*** Opening of DATASET RECORDS ***

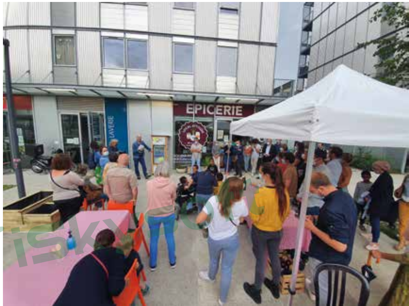
> Inauguration du frigo zéro gaspi, fourni par le CREPAQ, devant l'épicerie de Local'Attitude

Créée par des habitants du quartier du Grand Parc, l'association Local'Attitude a ouvert en 2019 une épicerie solidaire destinée à promouvoir une alimentation saine, tout en favorisant mixité et lien social. Elle se lance aujourd'hui dans la création d'un jardin potager.
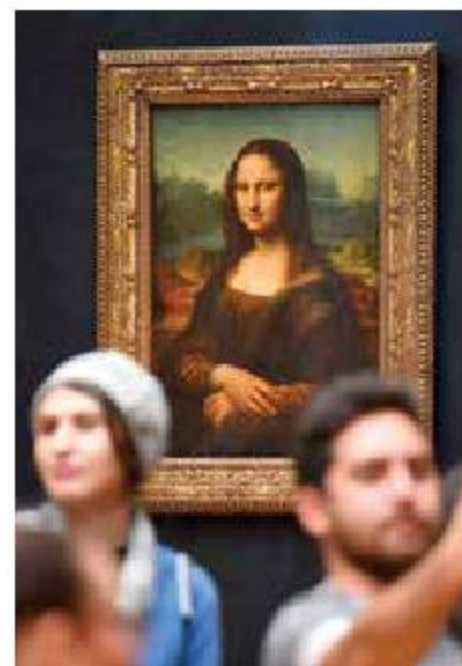
El famoso lienzo de Da Vinci, joya del célebre recinto parisino.

La visibilidad sobre La Gioconda , protegida en una urna transparente, se mejoró gracias a la instalación de
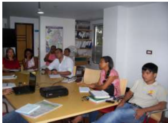
Reunión 9 de febrero, con participación de CVC, ECOBIOS, EMCALI Y FUNDAVIDA (Interventoría)

De otro lado, EMCALI mostro interés en apoyar la implementación del proyecto. En reunión realizada el 9 de febrero, facilitó información sobre los consumos, socializó sobre los programas que está realizando en las
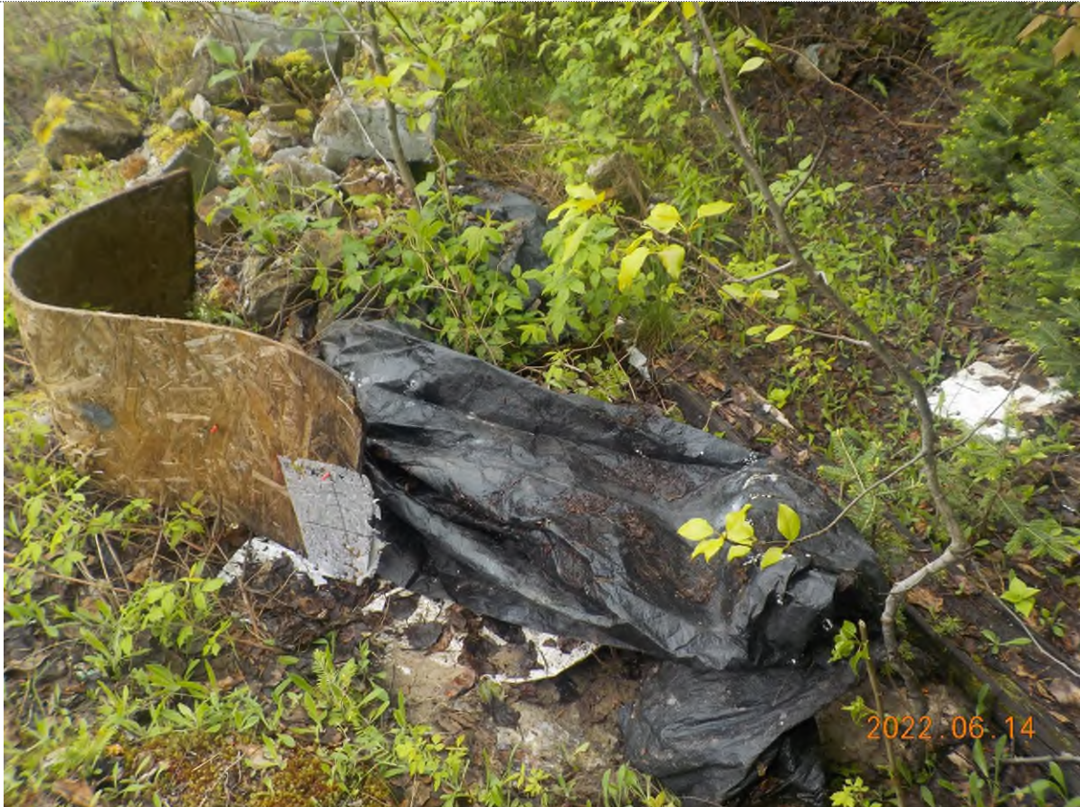
Figure 1: Débris à ramasser
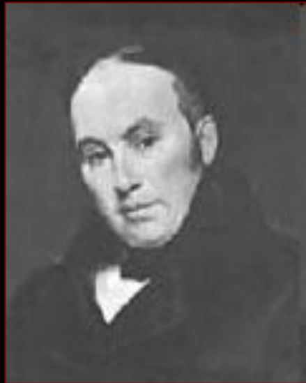
Василий Андреевич Жуковский (1783-1853)

*** Close of DATASET RECORDS ***

→ **YOUR INSTRUCTIONS**
Bring together each line above where the string "sobre" turns up.

→ **FINISHED EXERCISE**
La visibilidad sobre La Gioconda , protegida en una urna transparente, se mejoró gracias a la instalación de
De otro lado, EMCALI mostro interés en apoyar la implementación del proyecto. En reunión realizada el 9 de febrero, facilitó información sobre los consumos, socializó sobre los programas que está realizando en las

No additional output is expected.